10

1.7K 137 29
                                    



jen neden evde değilsin?
yoksa o günden beri eve gelmedin mi?
neredeyse 3 gün oldu


jennie
beni biraz endişelendiriyorsun
sadece aramamı aç
iyi olduğunu duyayım yeterli


abin de kaç defa aradı
niye bakmıyorsun
jennie mesajlarımı okuyorsan cevap verir misin??

Yaptığı sorumsuzca hareketten sonra böyle sakin olmasına sinirle gülüp bir süre kıza baktı. Kollarını göğüsünde bağlamış, hafif bozulmuş makyajı, somurtkan dudaklarıyla koltuğa epey yayılarak oturmuştu.

"Naptığının farkında mısın?"

Taehyung'un sorusunun cevabı sadece sessizlik olurken biraz daha sinirlenmişti.

"Abinle seni kaç defa aradık.
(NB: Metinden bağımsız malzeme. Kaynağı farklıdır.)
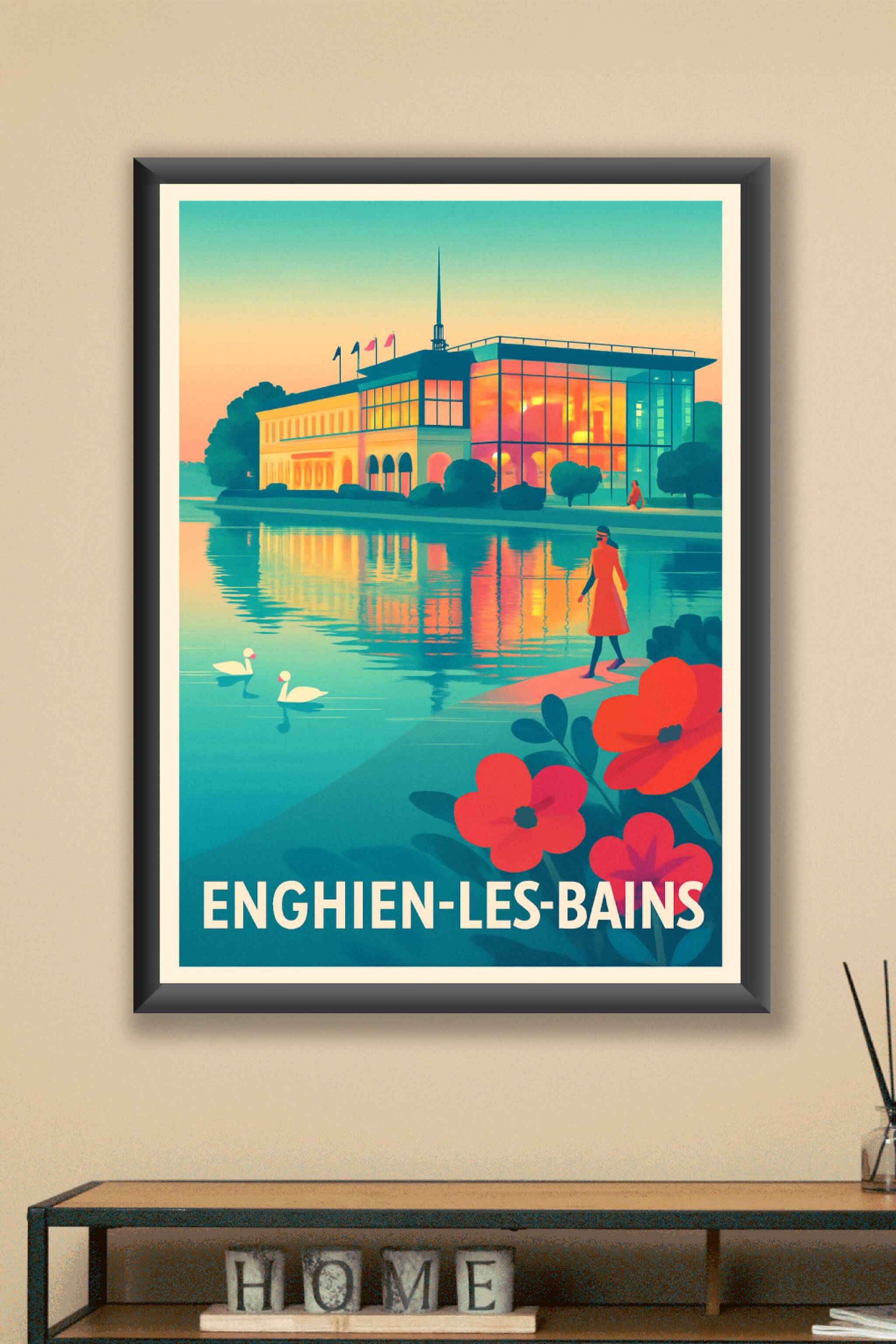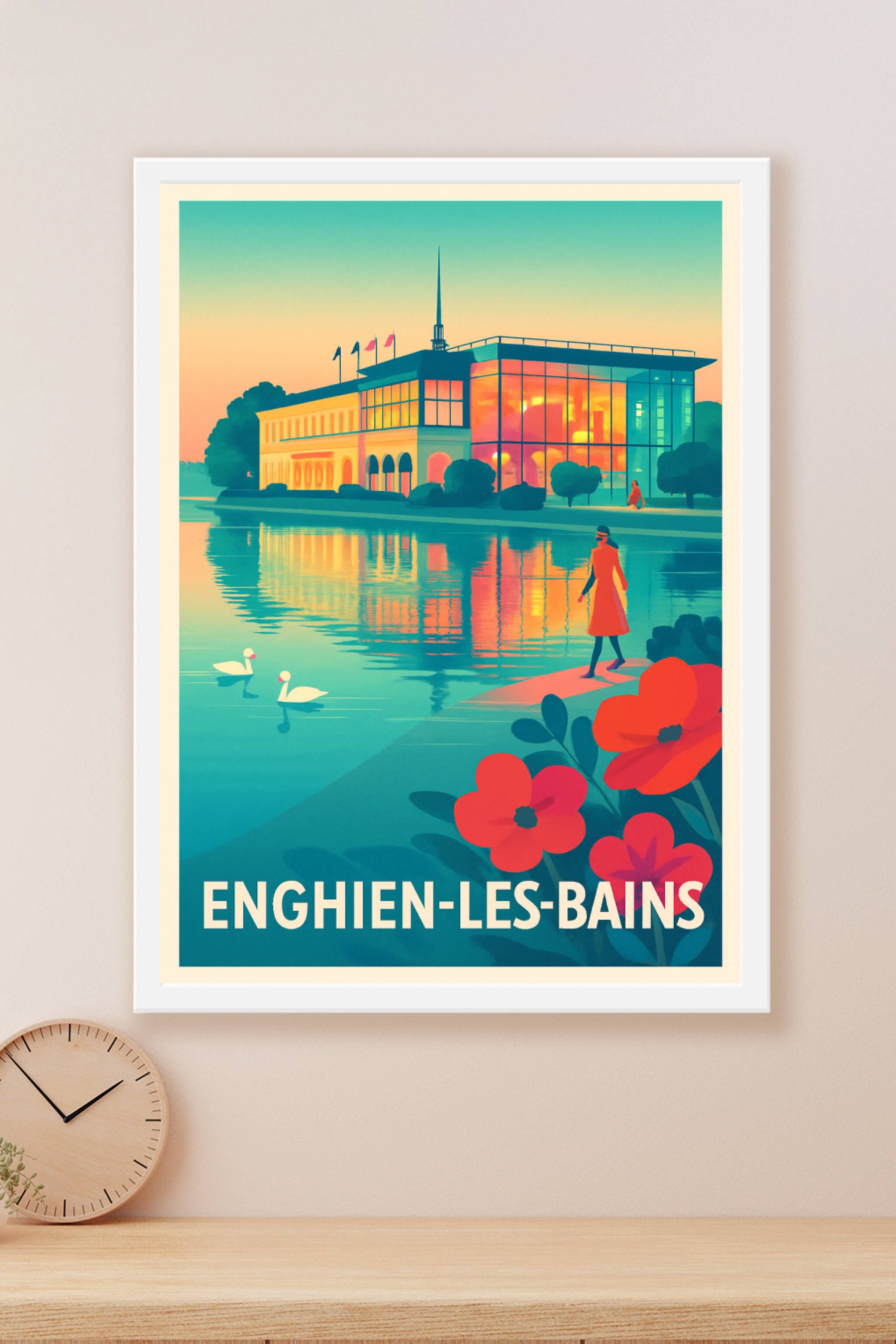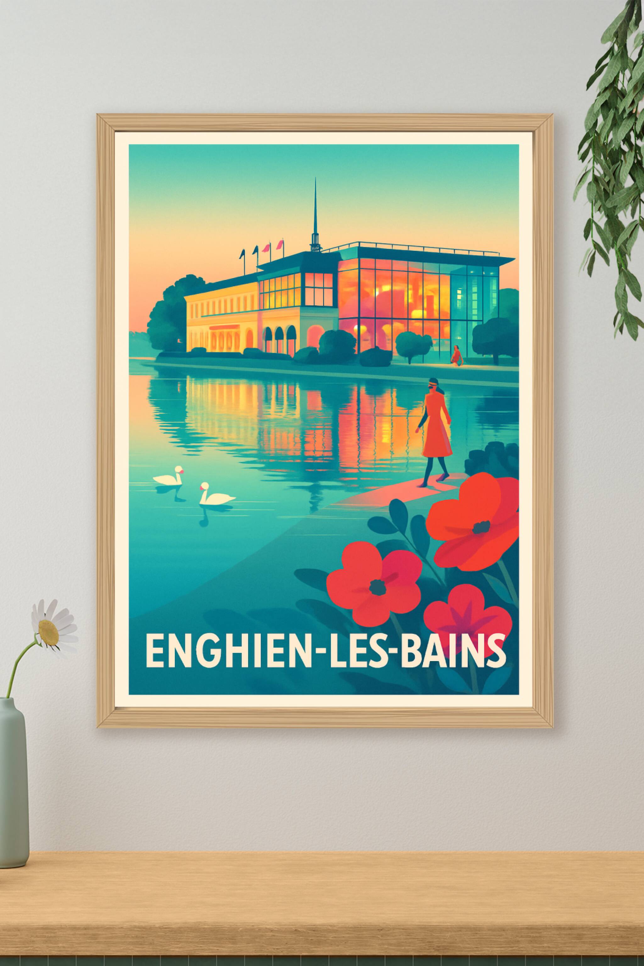 Découvrez la douceur et le charme paisible d'Enghien-les-Bains avec cette affiche au style vintage et coloré, mettant en valeur le célèbre casino e...

Ne mesajlara bakıyorsun ne aram-"

"Biraz kafa dinlemek istedim."

Kalın sesiyle gergin gülüşü yayıldı arabada.

"Kafa dinlemek istedin?" Yanındaki kıza bakıp tekrar bakışlarını yola çevirdi.

"Başına bir şey gelse abin ne yapardı sence? Jennie, çok başına buyruksun ne ara kimseyi düşünmez oldun?"

Kız kısa bir bakış attı adama.

"Abim duysa mı sorun olurdu?"

"Ne?"

"Başıma bir şey gelse benim için üzülmez, abimi mi düşünürdün?"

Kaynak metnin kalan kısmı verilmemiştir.